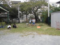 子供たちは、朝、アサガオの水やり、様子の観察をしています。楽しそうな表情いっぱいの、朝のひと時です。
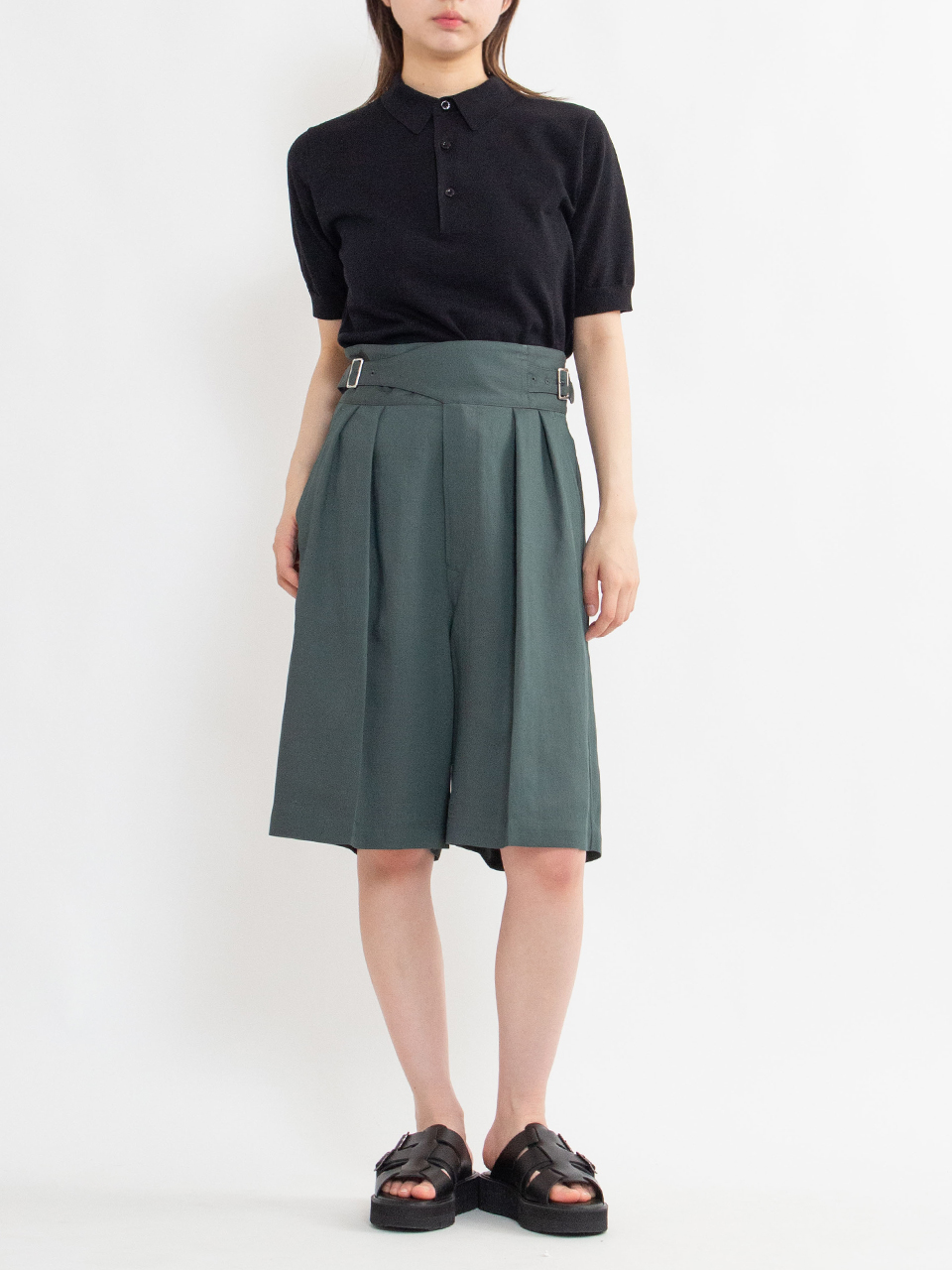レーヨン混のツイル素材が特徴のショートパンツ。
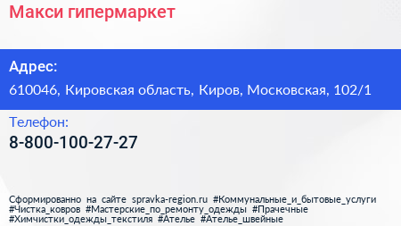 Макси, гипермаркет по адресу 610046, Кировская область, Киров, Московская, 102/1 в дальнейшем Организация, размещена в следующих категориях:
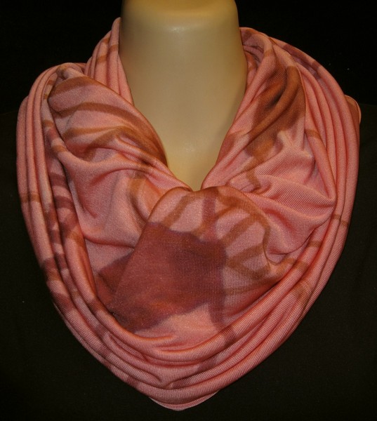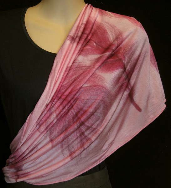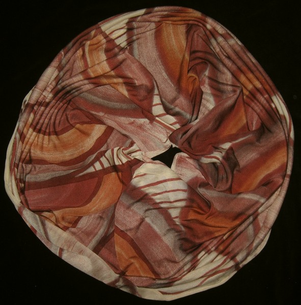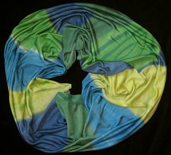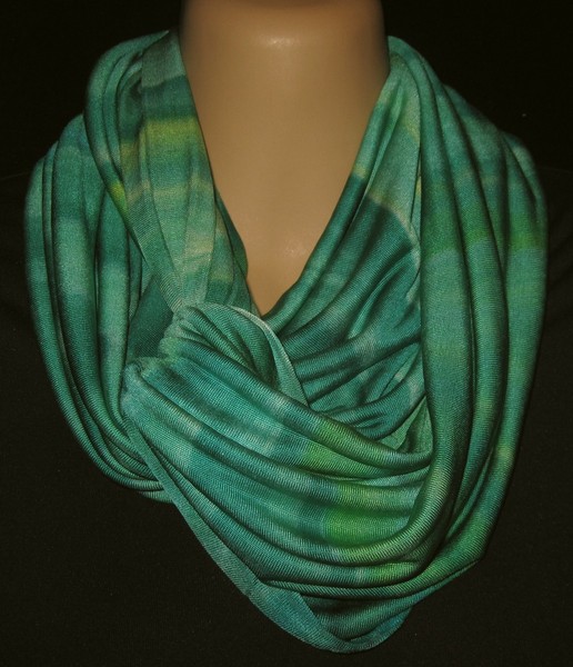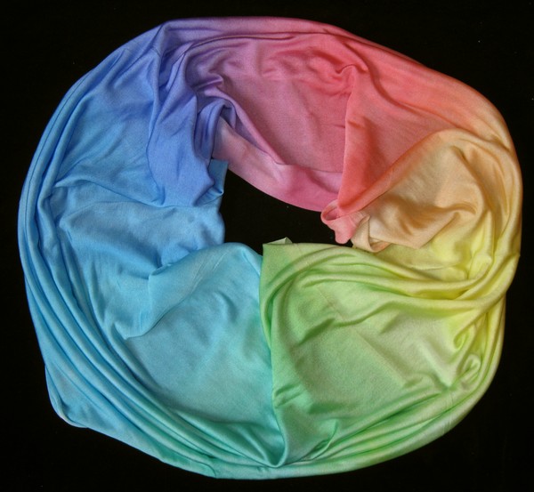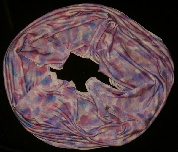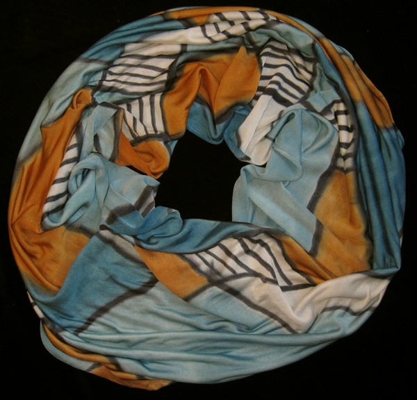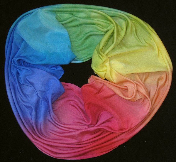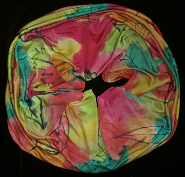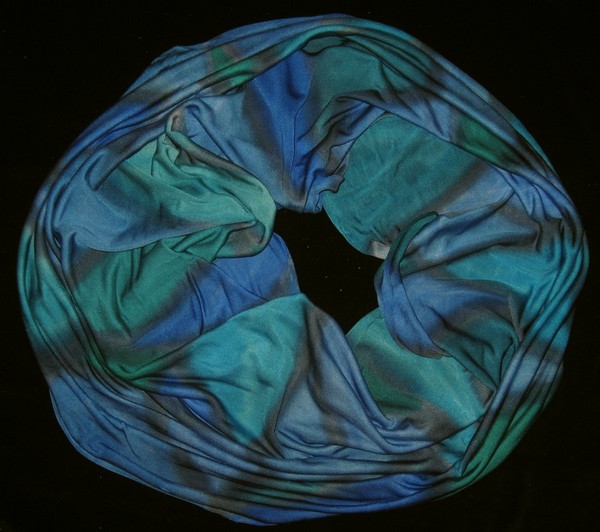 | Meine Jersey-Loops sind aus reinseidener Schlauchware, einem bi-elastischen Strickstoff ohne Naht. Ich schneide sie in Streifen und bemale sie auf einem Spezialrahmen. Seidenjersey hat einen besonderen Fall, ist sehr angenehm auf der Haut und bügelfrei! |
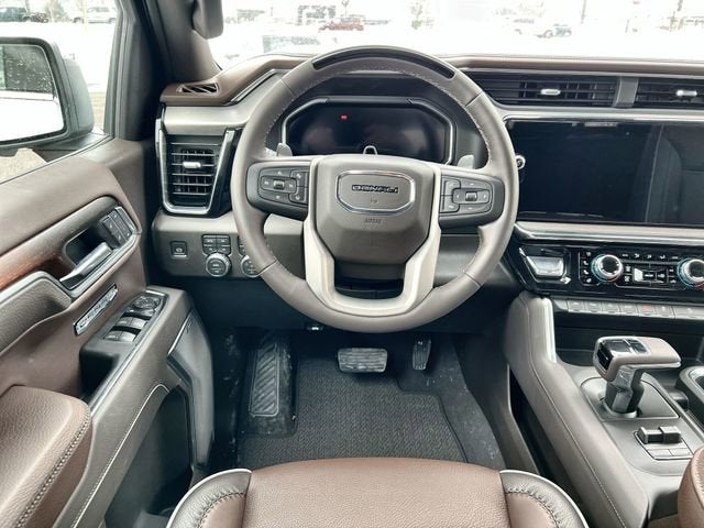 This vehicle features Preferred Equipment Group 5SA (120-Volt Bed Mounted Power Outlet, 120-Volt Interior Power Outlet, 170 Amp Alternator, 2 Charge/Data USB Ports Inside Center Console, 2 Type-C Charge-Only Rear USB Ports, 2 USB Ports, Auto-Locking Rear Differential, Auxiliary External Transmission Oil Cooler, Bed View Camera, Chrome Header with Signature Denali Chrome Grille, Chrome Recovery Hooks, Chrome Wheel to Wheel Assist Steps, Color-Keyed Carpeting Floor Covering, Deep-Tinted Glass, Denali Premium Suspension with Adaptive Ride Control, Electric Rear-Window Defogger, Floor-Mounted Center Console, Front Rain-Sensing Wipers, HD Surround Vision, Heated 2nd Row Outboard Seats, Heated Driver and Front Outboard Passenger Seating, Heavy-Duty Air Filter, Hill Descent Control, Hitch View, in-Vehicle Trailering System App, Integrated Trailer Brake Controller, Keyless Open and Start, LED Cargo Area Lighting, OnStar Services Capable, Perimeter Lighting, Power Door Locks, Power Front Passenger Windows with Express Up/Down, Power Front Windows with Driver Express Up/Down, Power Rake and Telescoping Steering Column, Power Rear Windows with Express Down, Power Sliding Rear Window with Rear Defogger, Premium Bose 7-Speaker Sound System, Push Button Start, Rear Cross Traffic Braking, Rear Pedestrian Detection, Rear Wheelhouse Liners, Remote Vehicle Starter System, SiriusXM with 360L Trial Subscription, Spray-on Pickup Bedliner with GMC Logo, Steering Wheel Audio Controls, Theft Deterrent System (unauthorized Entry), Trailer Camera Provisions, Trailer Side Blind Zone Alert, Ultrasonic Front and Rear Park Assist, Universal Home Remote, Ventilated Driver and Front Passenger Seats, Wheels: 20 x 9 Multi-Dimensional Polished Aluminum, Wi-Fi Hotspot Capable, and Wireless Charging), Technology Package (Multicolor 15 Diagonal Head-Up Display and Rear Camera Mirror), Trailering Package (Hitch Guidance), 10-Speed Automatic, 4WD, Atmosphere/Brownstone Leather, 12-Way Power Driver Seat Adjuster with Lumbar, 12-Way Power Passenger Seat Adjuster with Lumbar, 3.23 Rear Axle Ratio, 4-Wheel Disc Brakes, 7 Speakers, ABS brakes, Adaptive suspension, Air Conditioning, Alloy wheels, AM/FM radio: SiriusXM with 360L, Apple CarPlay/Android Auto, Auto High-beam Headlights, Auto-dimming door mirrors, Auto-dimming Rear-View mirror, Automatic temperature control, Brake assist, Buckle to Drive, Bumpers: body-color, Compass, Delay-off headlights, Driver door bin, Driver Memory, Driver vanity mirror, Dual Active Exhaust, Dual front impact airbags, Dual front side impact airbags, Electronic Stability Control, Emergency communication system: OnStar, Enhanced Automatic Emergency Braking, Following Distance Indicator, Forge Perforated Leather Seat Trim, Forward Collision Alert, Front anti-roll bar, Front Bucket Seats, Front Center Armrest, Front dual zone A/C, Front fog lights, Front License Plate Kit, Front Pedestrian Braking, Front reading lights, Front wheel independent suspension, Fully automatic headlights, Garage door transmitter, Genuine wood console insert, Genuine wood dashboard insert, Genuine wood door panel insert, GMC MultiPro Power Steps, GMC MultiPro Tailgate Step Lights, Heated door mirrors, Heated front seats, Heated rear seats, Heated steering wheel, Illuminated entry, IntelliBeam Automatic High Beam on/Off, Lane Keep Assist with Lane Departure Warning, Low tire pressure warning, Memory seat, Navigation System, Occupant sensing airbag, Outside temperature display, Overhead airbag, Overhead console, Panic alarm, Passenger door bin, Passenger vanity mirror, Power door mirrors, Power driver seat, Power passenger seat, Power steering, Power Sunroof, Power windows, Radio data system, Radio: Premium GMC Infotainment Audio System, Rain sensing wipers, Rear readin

- _What is being asked_: Copy out the entries verbatim, but skip every picture.

- _The answer_:
 子供たちは、朝、アサガオの水やり、様子の観察をしています。楽しそうな表情いっぱいの、朝のひと時です。
レーヨン混のツイル素材が特徴のショートパンツ。
 Макси, гипермаркет по адресу 610046, Кировская область, Киров, Московская, 102/1 в дальнейшем Организация, размещена в следующих категориях:
 | Meine Jersey-Loops sind aus reinseidener Schlauchware, einem bi-elastischen Strickstoff ohne Naht. Ich schneide sie in Streifen und bemale sie auf einem Spezialrahmen. Seidenjersey hat einen besonderen Fall, ist sehr angenehm auf der Haut und bügelfrei! |
 This vehicle features Preferred Equipment Group 5SA (120-Volt Bed Mounted Power Outlet, 120-Volt Interior Power Outlet, 170 Amp Alternator, 2 Charge/Data USB Ports Inside Center Console, 2 Type-C Charge-Only Rear USB Ports, 2 USB Ports, Auto-Locking Rear Differential, Auxiliary External Transmission Oil Cooler, Bed View Camera, Chrome Header with Signature Denali Chrome Grille, Chrome Recovery Hooks, Chrome Wheel to Wheel Assist Steps, Color-Keyed Carpeting Floor Covering, Deep-Tinted Glass, Denali Premium Suspension with Adaptive Ride Control, Electric Rear-Window Defogger, Floor-Mounted Center Console, Front Rain-Sensing Wipers, HD Surround Vision, Heated 2nd Row Outboard Seats, Heated Driver and Front Outboard Passenger Seating, Heavy-Duty Air Filter, Hill Descent Control, Hitch View, in-Vehicle Trailering System App, Integrated Trailer Brake Controller, Keyless Open and Start, LED Cargo Area Lighting, OnStar Services Capable, Perimeter Lighting, Power Door Locks, Power Front Passenger Windows with Express Up/Down, Power Front Windows with Driver Express Up/Down, Power Rake and Telescoping Steering Column, Power Rear Windows with Express Down, Power Sliding Rear Window with Rear Defogger, Premium Bose 7-Speaker Sound System, Push Button Start, Rear Cross Traffic Braking, Rear Pedestrian Detection, Rear Wheelhouse Liners, Remote Vehicle Starter System, SiriusXM with 360L Trial Subscription, Spray-on Pickup Bedliner with GMC Logo, Steering Wheel Audio Controls, Theft Deterrent System (unauthorized Entry), Trailer Camera Provisions, Trailer Side Blind Zone Alert, Ultrasonic Front and Rear Park Assist, Universal Home Remote, Ventilated Driver and Front Passenger Seats, Wheels: 20 x 9 Multi-Dimensional Polished Aluminum, Wi-Fi Hotspot Capable, and Wireless Charging), Technology Package (Multicolor 15 Diagonal Head-Up Display and Rear Camera Mirror), Trailering Package (Hitch Guidance), 10-Speed Automatic, 4WD, Atmosphere/Brownstone Leather, 12-Way Power Driver Seat Adjuster with Lumbar, 12-Way Power Passenger Seat Adjuster with Lumbar, 3.23 Rear Axle Ratio, 4-Wheel Disc Brakes, 7 Speakers, ABS brakes, Adaptive suspension, Air Conditioning, Alloy wheels, AM/FM radio: SiriusXM with 360L, Apple CarPlay/Android Auto, Auto High-beam Headlights, Auto-dimming door mirrors, Auto-dimming Rear-View mirror, Automatic temperature control, Brake assist, Buckle to Drive, Bumpers: body-color, Compass, Delay-off headlights, Driver door bin, Driver Memory, Driver vanity mirror, Dual Active Exhaust, Dual front impact airbags, Dual front side impact airbags, Electronic Stability Control, Emergency communication system: OnStar, Enhanced Automatic Emergency Braking, Following Distance Indicator, Forge Perforated Leather Seat Trim, Forward Collision Alert, Front anti-roll bar, Front Bucket Seats, Front Center Armrest, Front dual zone A/C, Front fog lights, Front License Plate Kit, Front Pedestrian Braking, Front reading lights, Front wheel independent suspension, Fully automatic headlights, Garage door transmitter, Genuine wood console insert, Genuine wood dashboard insert, Genuine wood door panel insert, GMC MultiPro Power Steps, GMC MultiPro Tailgate Step Lights, Heated door mirrors, Heated front seats, Heated rear seats, Heated steering wheel, Illuminated entry, IntelliBeam Automatic High Beam on/Off, Lane Keep Assist with Lane Departure Warning, Low tire pressure warning, Memory seat, Navigation System, Occupant sensing airbag, Outside temperature display, Overhead airbag, Overhead console, Panic alarm, Passenger door bin, Passenger vanity mirror, Power door mirrors, Power driver seat, Power passenger seat, Power steering, Power Sunroof, Power windows, Radio data system, Radio: Premium GMC Infotainment Audio System, Rain sensing wipers, Rear readin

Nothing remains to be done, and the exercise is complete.